CDC recommends that travelers to Mongolia(http://wwwnc.cdc.gov/travel/destinations/traveler/none/mongolia) protect themselves by making sure they are vaccinated against measles, particularly infants 6–11 months of age (1 dose of measles vaccine) and children 12 months of age or older (2 doses of measles vaccine). Clinicians should keep measles in mind when treating patients with fever and rash, especially if the patient has recently traveled internationally.
What can travelers do to protect themselves?
Get measles vaccine
- People who cannot show that they were vaccinated as children and who have never had measles should be vaccinated.
- Infants 6–11 months of age should have 1 dose of measles vaccine if traveling internationally.
- Children in the United States routinely receive measles vaccination at 12–15 months of age.

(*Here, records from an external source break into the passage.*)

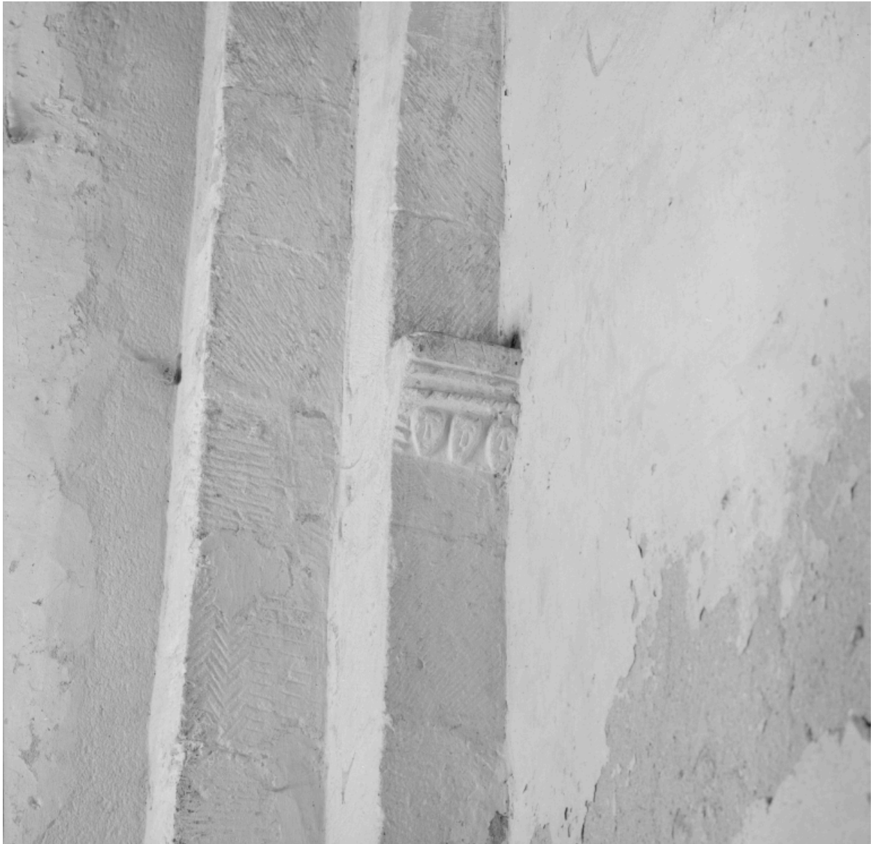
Nef, 1ère travée, mur gauche, détail de sculpture : imposte gauche de l'arc formeret à décor de chevrons surmontant trois visages humains.
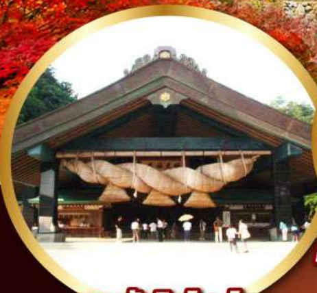
ศาลเจ้าอิชิโมะโทชะ
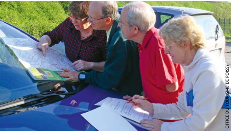
Au fil des énigmes et des questions, les participants évolueront dans les rues de la cité Saint-Louis.

LeSaxorganiseuneDjembésessionlevendredi25mars.Apartirde20h30, musiciens et danseurs pourront se rencontrer autour de la culture traditionnelle de l'Afrique de l'Ouest. Dans un esprit convivial, la jam sera ouverte à toutes les personnes qui peuvent tenir un accompagnement au djembé ou au doundoun. Pour danser, chaque participant est libre de danser comme il veut et quand il veut. L'entrée est gratuite. Un repas traditionnel malien sera proposé à partir de 19 h 30 au tarif de 7 euros, mais les places sont limitées et la réservation est donc indispensable au 01 39 11 86 21 ou resa.lesax@wanadoo.fr
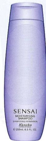
Sensai Moisturising Shampoo, 200 ml, 225 kr.
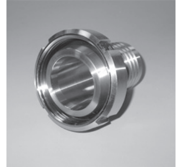
Kegel-Schlauchstutzen mit Nutmutter
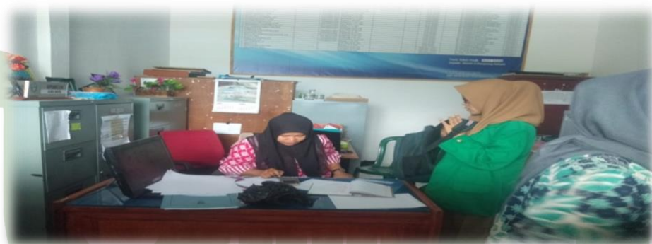
GAMBAR: pengambilan Data Sekolah dengan bagian pengurus tata usaha.
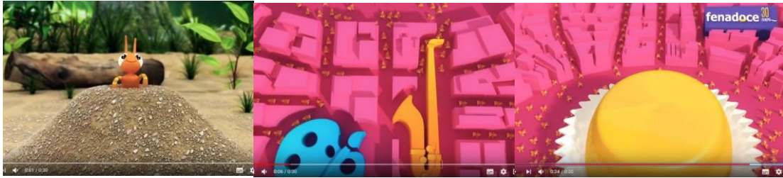
Figura 7 – Propaganda da 24ª Fenadoce.

- Infants vaccinated before age 12 months should be revaccinated on or after the first birthday with 2 doses, separated by at least 28 days.
- Children 12 months of age or older should have 2 doses, separated by at least 28 days.
- Adolescents and adults who have not had measles or have not been vaccinated should get 2 doses, separated by at least 28 days.
- Two doses of MMR (measles, mumps, and rubella) vaccine is nearly 100% effective at preventing measles.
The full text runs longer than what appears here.